Provenzano che stai a di'?
L’esponente del Pd contro l’economia di guerra dell’Europa in difesa di Kyiv
“La guerra è pace” è uno degli slogan incisi sulla facciata del ministero della Verità del romanzo 1984 di George Orwell. Sull’Ucraina, ogni volta che in modo innocente qualche responsabile politico si mette in bocca la parola “pace”, in realtà vuole dire “guerra”. Che ne sia consapevole o no. Come Peppe Provenzano, che ieri si è lanciato su X in una critica da oratorio di un’intervista al presidente del Consiglio europeo, Charles Michel, che promuove la necessità di “orientarsi verso un’economia di guerra” nell’Ue per aiutare l’Ucraina e difendersi dalla minaccia posta dalla Russia. “L’Europa è un progetto di pace, deve costruire un’economia per le persone, non di guerra”, ha scritto Provenzano: “La forza dell’Ue si misura sul protagonismo anche diplomatico nel mondo, non su quanti pezzi di artiglieria produce”.
Provenzano non solo si sbaglia, ma come in 1984 realizza l’inversione della verità del Socing.

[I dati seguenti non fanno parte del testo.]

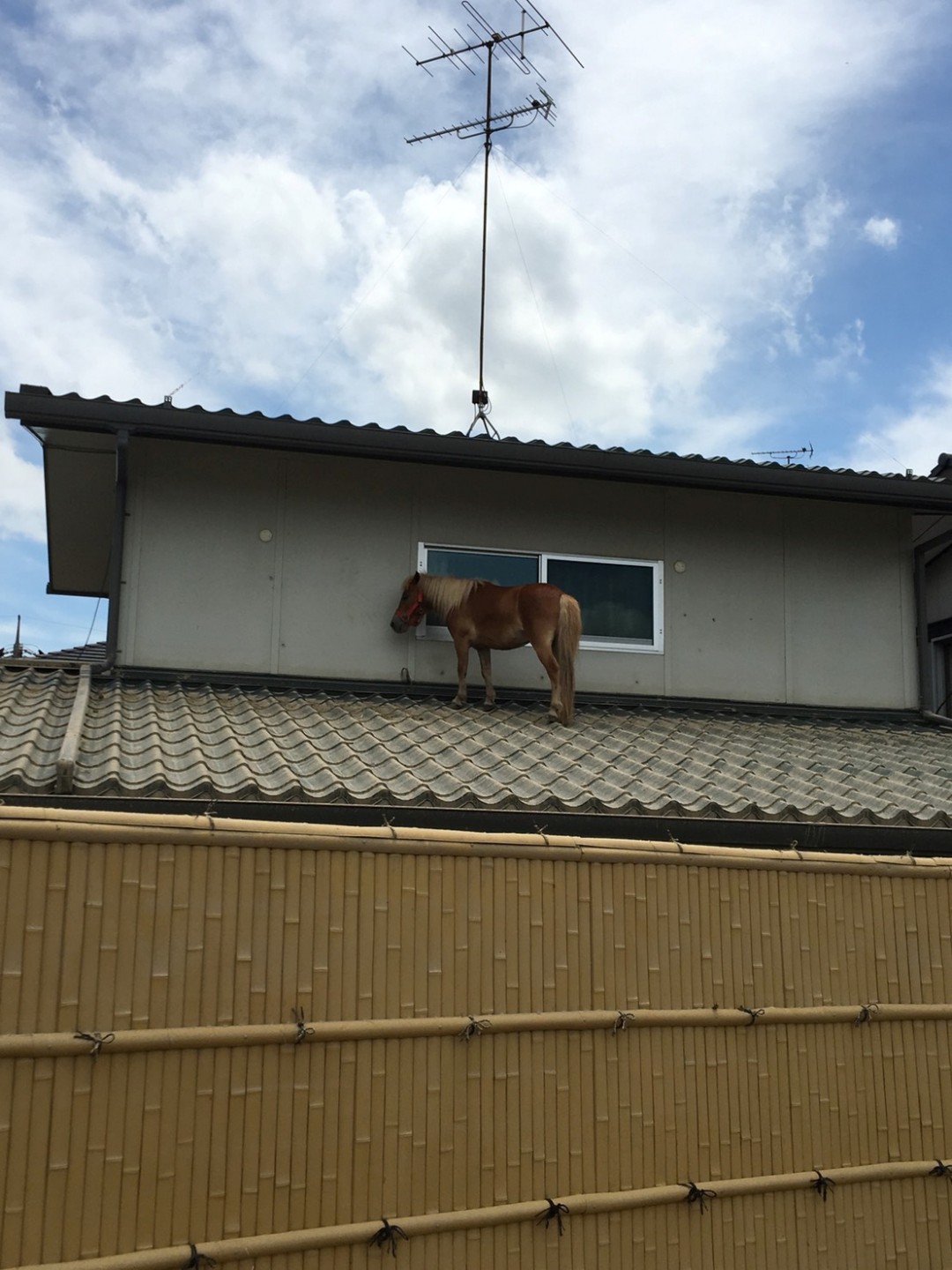 Pēc tam, kad plūdi pārņema Japānas pilsētas Kurašiki rajonu Mabičo, uz kādas ēkas jumta nonāca maza izmēra zirgs. Par laimi, to izdevās veiksmīgi izglābt.

La verità è che l’Europa si è disarmata e la guerra è tornata. Una guerra voluta da chi si è pensato erroneamente di contenere, perfino coinvolgere, con il protagonismo diplomatico. Prima la Georgia, poi la Crimea e il Donbas, infine l’aggressione ingiustificata contro l’Ucraina, preludio della prossima guerra. La guerra la fa Putin e l’artiglieria è il solo modo per tornare alla pace vera in Ucraina e per garantirla sul resto del continente europeo da mire revansciste e imperialiste. Di artiglieria non ce n’è abbastanza per consentire ai coraggiosi soldati ucraini di non farsi massacrare dall’aggressore e domani ai lettoni o agli estoni di non farsi travolgere. Che sia per nostalgia, insipienza, ingenuità o disonestà, poco importa. Il Socing aveva altri due slogan che ben si adattano al post di Provenzano: “La libertà è schiavitù” e “l’ignoranza è forza”. La schiavitù è quella che vuole imporre Putin contro la libertà dell’Ucraina e delle democrazie. L’ignoranza altrui è la sua forza per fare la guerra in nome della pace.